본 발명의 이점 및 특징, 그리고 그것들을 달성하는 방법은 첨부되는 도면과 함께 상세하게 후술되어 있는 실시예들을 참조하면 명확해질 것이다. 그러나, 본 발명은 이하에서 개시되는 실시예들에 제한되는 것이 아니라 서로 다른 다양한 형태로 구현될 수 있으며, 단지 본 실시예들은 본 발명의 개시가 완전하도록 하고, 본 발명이 속하는 기술 분야의 통상의 기술자에게 본 발명의 범주를 완전하게 알려주기 위해 제공되는 것이며, 본 발명은 청구항의 범주에 의해 정의될 뿐이다.The advantages and features of the present invention and methods for achieving them will become clear by referring to the embodiments described in detail below along with the accompanying drawings. However, the present invention is not limited to the embodiments disclosed below and may be implemented in various different forms. The present embodiments are merely provided to ensure that the disclosure of the present invention is complete and to provide a general understanding of the technical field to which the present invention pertains. It is provided to fully inform the skilled person of the scope of the present invention, and the present invention is only defined by the scope of the claims.

본 명세서에서 사용된 용어는 실시예들을 설명하기 위한 것이며 본 발명을 제한하고자 하는 것은 아니다. 본 명세서에서, 단수형은 문구에서 특별히 언급하지 않는 한 복수형도 포함한다. 명세서에서 사용되는 "포함한다(comprises)" 및/또는 "포함하는(comprising)"은 언급된 구성요소 외에 하나 이상의 다른 구성요소의 존재 또는 추가를 배제하지 않는다. 명세서 전체에 걸쳐 동일한 도면 부호는 동일한 구성 요소를 지칭하며, "및/또는"은 언급된 구성요소들의 각각 및 하나 이상의 모든 조합을 포함한다. 비록 "제1", "제2" 등이 다양한 구성요소들을 서술하기 위해서 사용되나, 이들 구성요소들은 이들 용어에 의해 제한되지 않음은 물론이다. 이들 용어들은 단지 하나의 구성요소를 다른 구성요소와 구별하기 위하여 사용하는 것이다. 따라서, 이하에서 언급되는 제1 구성요소는 본 발명의 기술적 사상 내에서 제2 구성요소일 수도 있음은 물론이다.The terminology used herein is for describing embodiments and is not intended to limit the invention. As used herein, singular forms also include plural forms, unless specifically stated otherwise in the context. As used in the specification, “comprises” and/or “comprising” does not exclude the presence or addition of one or more other elements in addition to the mentioned elements. Like reference numerals refer to like elements throughout the specification, and “and/or” includes each and every combination of one or more of the referenced elements. Although “first”, “second”, etc. are used to describe various components, these components are of course not limited by these terms. These terms are merely used to distinguish one component from another. Therefore, it goes without saying that the first component mentioned below may also be a second component within the technical spirit of the present invention.

다른 정의가 없다면, 본 명세서에서 사용되는 모든 용어(기술 및 과학적 용어를 포함)는 본 발명이 속하는 기술분야의 통상의 기술자에게 공통적으로 이해될 수 있는 의미로 사용될 수 있을 것이다. 또한, 일반적으로 사용되는 사전에 정의되어 있는 용어들은 명백하게 특별히 정의되어 있지 않는 한 이상적으로 또는 과도하게 해석되지 않는다.Unless otherwise defined, all terms (including technical and scientific terms) used in this specification may be used with meanings commonly understood by those skilled in the art to which the present invention pertains. Additionally, terms defined in commonly used dictionaries are not interpreted ideally or excessively unless clearly specifically defined.
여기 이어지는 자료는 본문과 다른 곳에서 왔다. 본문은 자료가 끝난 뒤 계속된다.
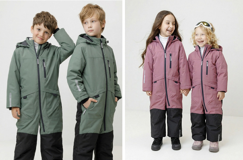 - От 4 лет и старше: полукомбинезон с курткой становится предпочтительнее. Ребенок активно двигается, самостоятельно ходит в туалет, одевается и раздевается.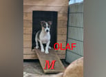 Olaf ist ein zuckersüßer Schatz, der anfangs noch sehr schüchtern ist. Er kommt bereits an die Hand und der letzte Schritt hin zum gekuschelt werden ist nicht mehr weit weg. Nach wie vor braucht er einfach Zeit und Geduld Vertrauen aufzubauen. Neue Menschen und neue Situationen überfordern ihn etwas, man merkt, dass er will, aber sich nicht richtig traut. Wir sind zuversichtlich, dass er in seiner eigenen Familie schnell den Knopf auftut und lernt zu vertrauen.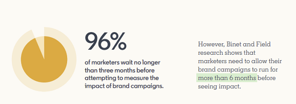 Previously, marketers were investing an estimated 45% of their budget into brand marketing. Today, the recommended split is 60/40 in favor of brand. This doesn’t mean demand generation tactics should be left behind, but generally speaking, marketers should really be leaning into brand-building as a central complement and precursor.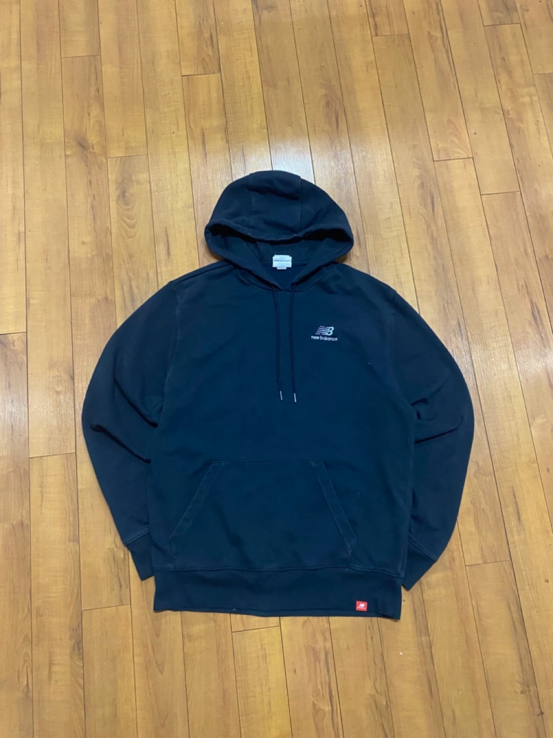 A cozy dark blue hooded sweatshirt. Features a kangaroo pocket and a drawstring hood. The New Balance logo is small on the chest. Snuggling up in a warm sweatshirt is always a great feeling.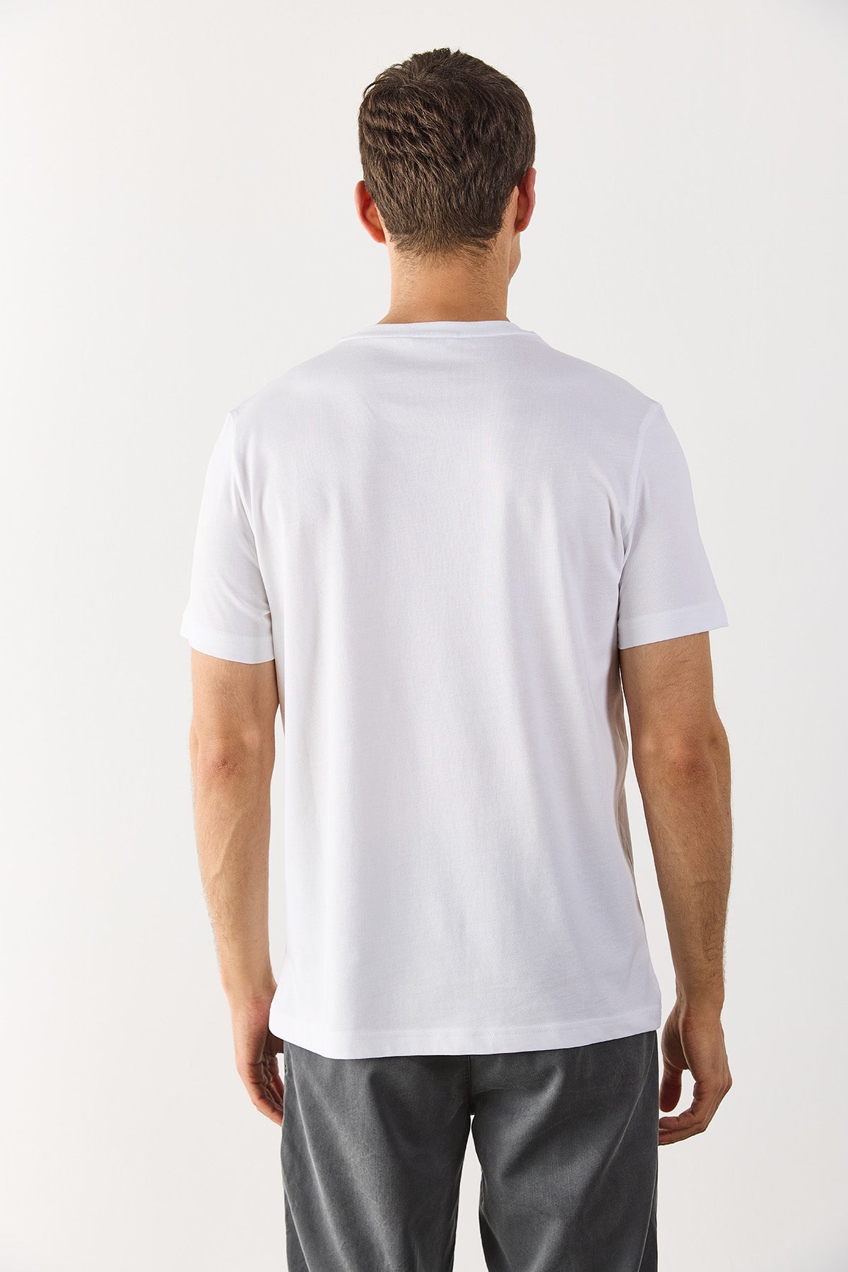 Erkek Vena Baskılı Bisiklet Yaka Regular Fit Tişört %100 Pamuk - Beyaz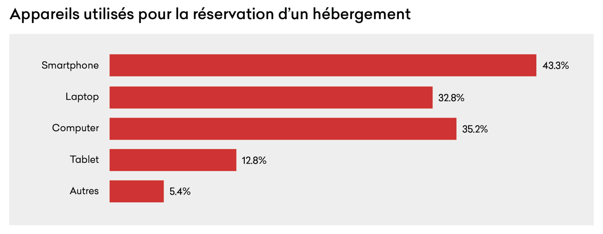 La flexibilité se reflète également dans l'ordre de réservation : 42,9 % choisissent en fonction de la situation, en réservant d'abord soit l'hébergement, soit le transport. Seule une personne sur cinq privilégie le moyen de transport en premier, tandis que 23,5 % réservent les deux en même temps.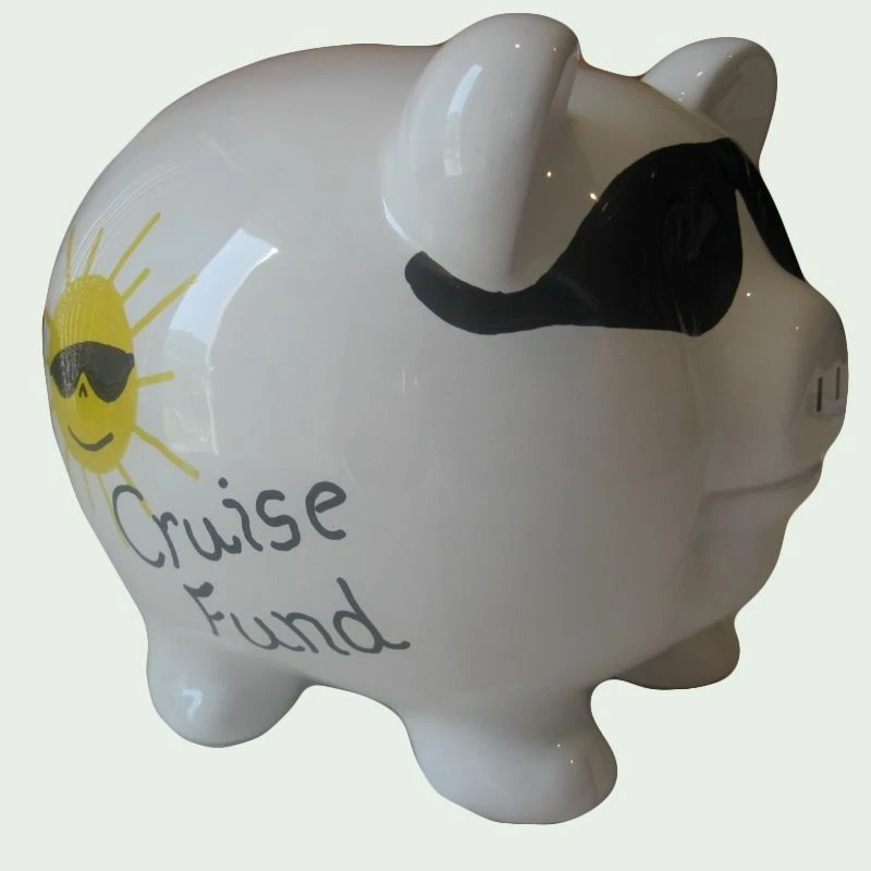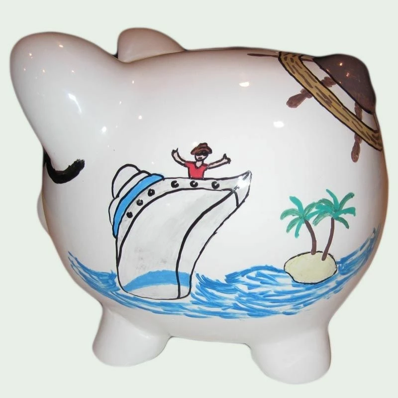 This Cruise Fund is an Artist Original Piggy Bank created by Debbie exclusively for us. Â If there is a group that wants to cruise together, Debbie can make a bank for each person.

본 명세서에서 소스 데이터는 자연어 처리에 있어서 이용되는 텍스트 데이터를 포함한 데이터를 의미할 수 있다.In this specification, source data may refer to data including text data used in natural language processing.
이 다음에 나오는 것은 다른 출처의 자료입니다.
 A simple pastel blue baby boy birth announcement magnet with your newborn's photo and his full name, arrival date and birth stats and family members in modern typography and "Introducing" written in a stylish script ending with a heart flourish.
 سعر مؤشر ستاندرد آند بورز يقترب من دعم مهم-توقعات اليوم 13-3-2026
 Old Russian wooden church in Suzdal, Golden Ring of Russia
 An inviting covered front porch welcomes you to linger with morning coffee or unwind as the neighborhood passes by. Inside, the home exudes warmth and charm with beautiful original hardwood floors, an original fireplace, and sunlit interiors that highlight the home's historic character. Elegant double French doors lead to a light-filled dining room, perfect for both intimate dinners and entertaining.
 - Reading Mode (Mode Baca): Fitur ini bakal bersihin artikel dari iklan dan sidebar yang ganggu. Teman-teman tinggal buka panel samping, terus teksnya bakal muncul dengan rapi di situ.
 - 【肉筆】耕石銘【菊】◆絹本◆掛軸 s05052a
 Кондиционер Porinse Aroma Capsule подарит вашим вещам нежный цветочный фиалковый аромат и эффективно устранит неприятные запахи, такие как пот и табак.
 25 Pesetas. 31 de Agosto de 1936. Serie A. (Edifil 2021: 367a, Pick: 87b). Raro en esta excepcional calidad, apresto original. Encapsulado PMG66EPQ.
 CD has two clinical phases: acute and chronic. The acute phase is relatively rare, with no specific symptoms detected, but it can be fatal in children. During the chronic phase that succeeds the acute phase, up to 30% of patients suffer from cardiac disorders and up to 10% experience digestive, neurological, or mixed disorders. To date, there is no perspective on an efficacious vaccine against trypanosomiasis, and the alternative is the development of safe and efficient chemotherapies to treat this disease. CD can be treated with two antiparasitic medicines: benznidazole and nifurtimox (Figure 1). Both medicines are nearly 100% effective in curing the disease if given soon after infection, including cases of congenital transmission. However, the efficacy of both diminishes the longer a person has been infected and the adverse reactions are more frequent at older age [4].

본 명세서에서 고급 의미론 특징은 소스 데이터의 의미 분석 수행을 통하여 추출된 특징을 의미할 수 있다.In this specification, advanced semantic features may refer to features extracted through performing semantic analysis of source data.

본 명세서에서 하이브리드 모델은 신경망 모델과 비 신경망 모델을 모두 이용하는 자연어 처리 모델을 의미할 수 있다.In this specification, a hybrid model may refer to a natural language processing model that uses both a neural network model and a non-neural network model.

본 명세서에서 언어 출력 값은 소스 데이터에서 추출된 주제에 대응되는 식별 정보와 발생 확률이 매칭된 출력 데이터를 의미할 수 있다.In this specification, language output value may refer to output data whose occurrence probability matches identification information corresponding to a topic extracted from source data.

본 명세서에서 의미 인식율은 텍스트 분석 장치가 소스 데이터에 포함된 텍스트의 의미를 인식하는 비율을 의미할 수 있다.In this specification, the meaning recognition rate may refer to the rate at which a text analysis device recognizes the meaning of text included in source data.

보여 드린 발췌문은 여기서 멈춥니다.